In poor health, he retired to Staten Island and private teaching. Joseph made a small splash with the Uptown Records album One of a Kind (1984), which was widely and favorably reviewed. Al Cohn, Bill Triglia, Joey Baron, and Red Mitchell were the sidemen. Joseph played in his career also with Bill Crow and Turk Van Lake. In the 70s and 80s he lived in Staten Island, where he played in local venues and taught. He also included a long stint as assistant band director and full-time music appreciation teacher at Farrell Catholic High School.
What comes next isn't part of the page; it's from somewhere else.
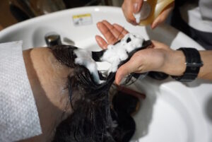 カウンセリングが完了したら、いよいよ施術のスタートです。当店の「髪質改善カラー」は、髪と頭皮への負担を最小限に抑えるため、特別な髪質改善成分を配合した独自のカラー剤を使用。カラーリングの前に髪と頭皮を薬剤から保護する施術をし、刺激を抑えながら髪をいたわります。
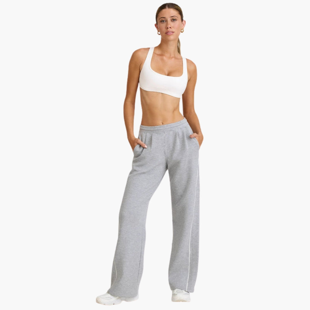 Ez a női laza szabású nadrág elasztikus derékkal, könnyen felhúzható megoldással és praktikus oldalzsebekkel rendelkezik. A széles szabás egyenes szárakkal és varrott szegéllyel modern sziluettet alkot. Az egyszínű felület és az egyszerű szabás megkönnyíti, hogy ezt a nadrágot különféle felsőkkel és cipőkkel párosítsa mindenféle tevékenységhez.

He had a keen interest in literature, especially William Shakespeare; and he recited long passages from memory in a deep Orson Wellesian voice with the conviction of a seasoned Shakespearian actor.

== Recognitions ==
Author Jack Kerouac honored the musician in his short story New York Scenes (from the collection Lonesome Traveler, 1960):
"LET'S GO SEE if we can find Don Joseph!"
"Who's Don Joseph?"
"Don Joseph is a terrific cornet player, who wanders around the village with his little mustache and his arms hanging at the sides with the cornet since Bix and more. – He stands at the juke box in the bar and plays with the music for a beer. – He looks like a handsome movie actor.– He's the great super glamorous secret Bobby Hackett of the jazz world."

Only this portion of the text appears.